For a frictionless surface, consider what happens when you displace the hemisphere angularly and allow it to oscillate. The gravitational force will act downwards on the COM and the normal reaction will act upwards (below the center of the base). I think it will be an SHM (easier than this question)

16. Jan 29, 2014

### Saitama

Isn't this the same case we are discussing currently in this thread?

17. Jan 29, 2014

### ehild

Keep the terms linear in theta. (Ignore the first term).

ehild

18. Jan 29, 2014

### Saitama

But that's $\dot{\theta}^2$, not $\theta^2$.

19. Jan 29, 2014

### haruspex

Next I would approximate the cos(θ) terms as 1-θ2/2. The first one you can just approximate as 1 since it has a factor $\dot \theta^2$, which will be small. The 'base' energy is 5mgR/8, which gets rid of the the 1 in the approximation for the second cos:
$E=\frac{1}{2}MR^2\left(\frac{7}{5}-\frac{3}{4}\right)\left(\frac{d\theta}{dt}\right)^2+mgR\left(\frac{3}{16}\theta^2\right)$
But you're right, it's not SHM. Solution would involve inverse trig functions. So.. onto the frictionless version?

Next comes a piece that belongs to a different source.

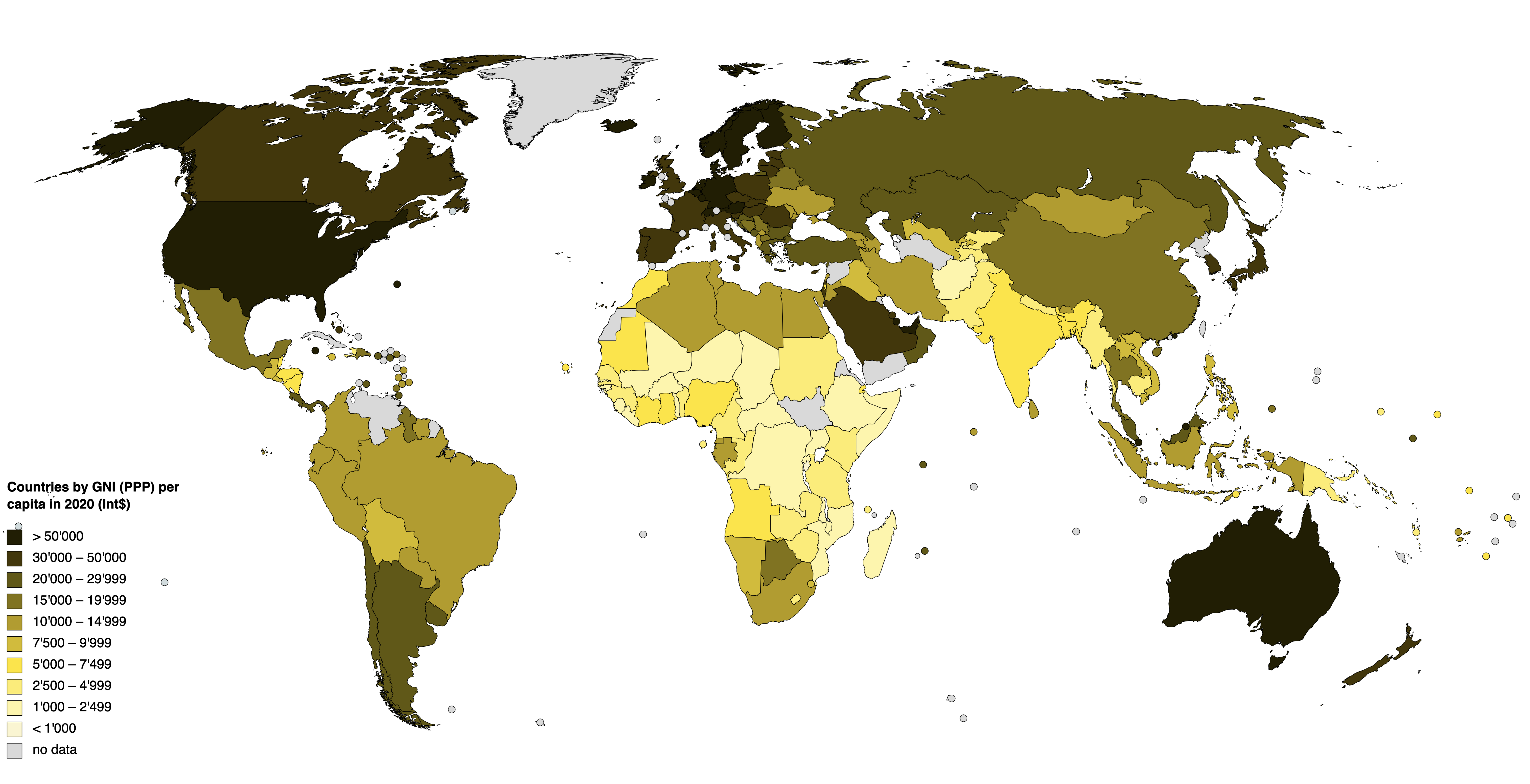 A choropleth world map showing countries by gross national income per capita at purchasing power parity in 2016, measured in current international dollars. Based on data from the World Bank.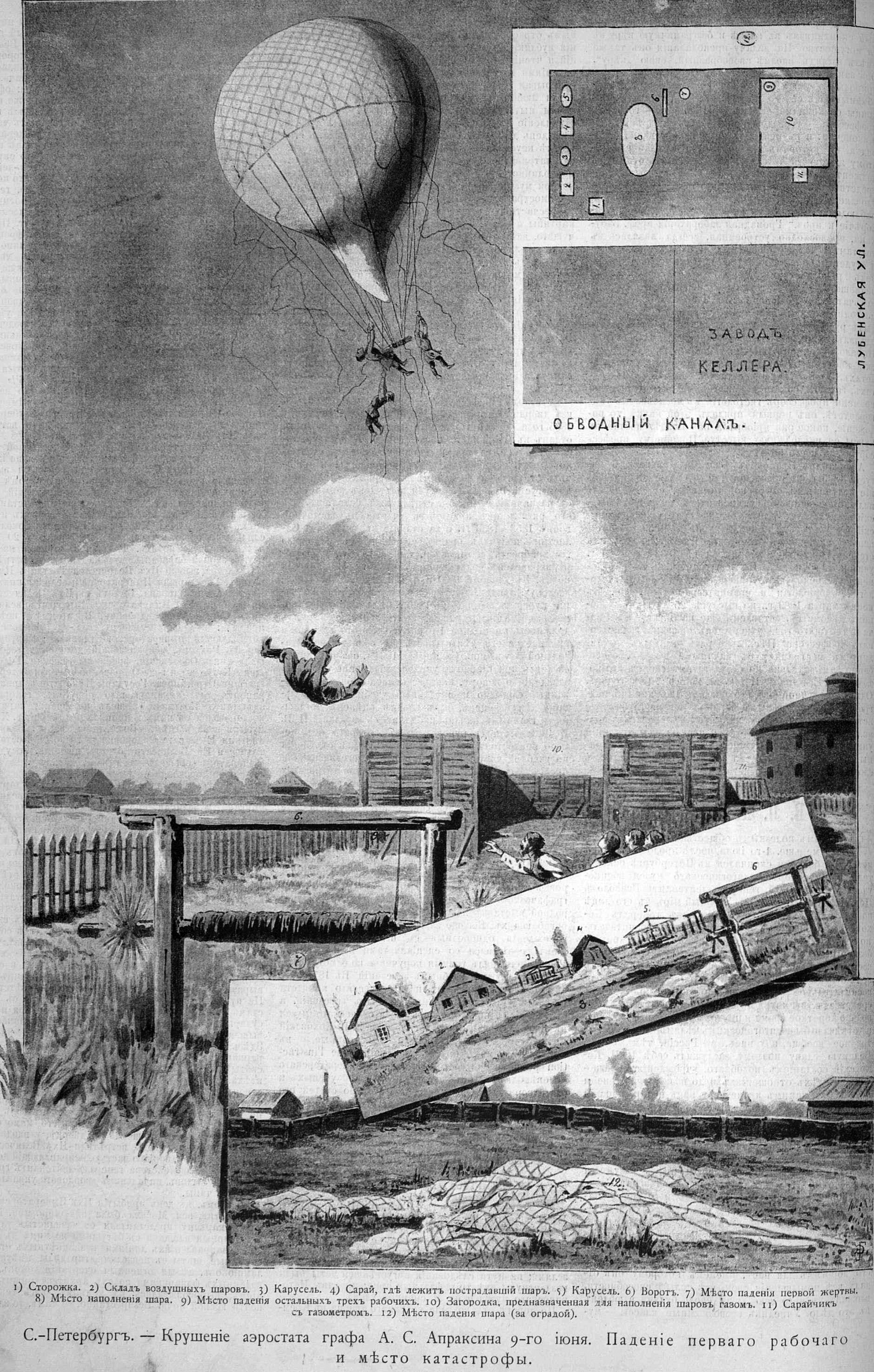 Collapse of the Apraksin balloon, 1891, St. Petersburg

With no friction, the CoM will just bob up and down instead of (mostly) rocking from side to side. The point of contact will still move from side to side, but not as far.

20. Jan 29, 2014

### voko

$\dot x^2 + c^2 x^2 = c^2 A^2 \Rightarrow x = A \sin \left( ct + k \right)$. Not SHM?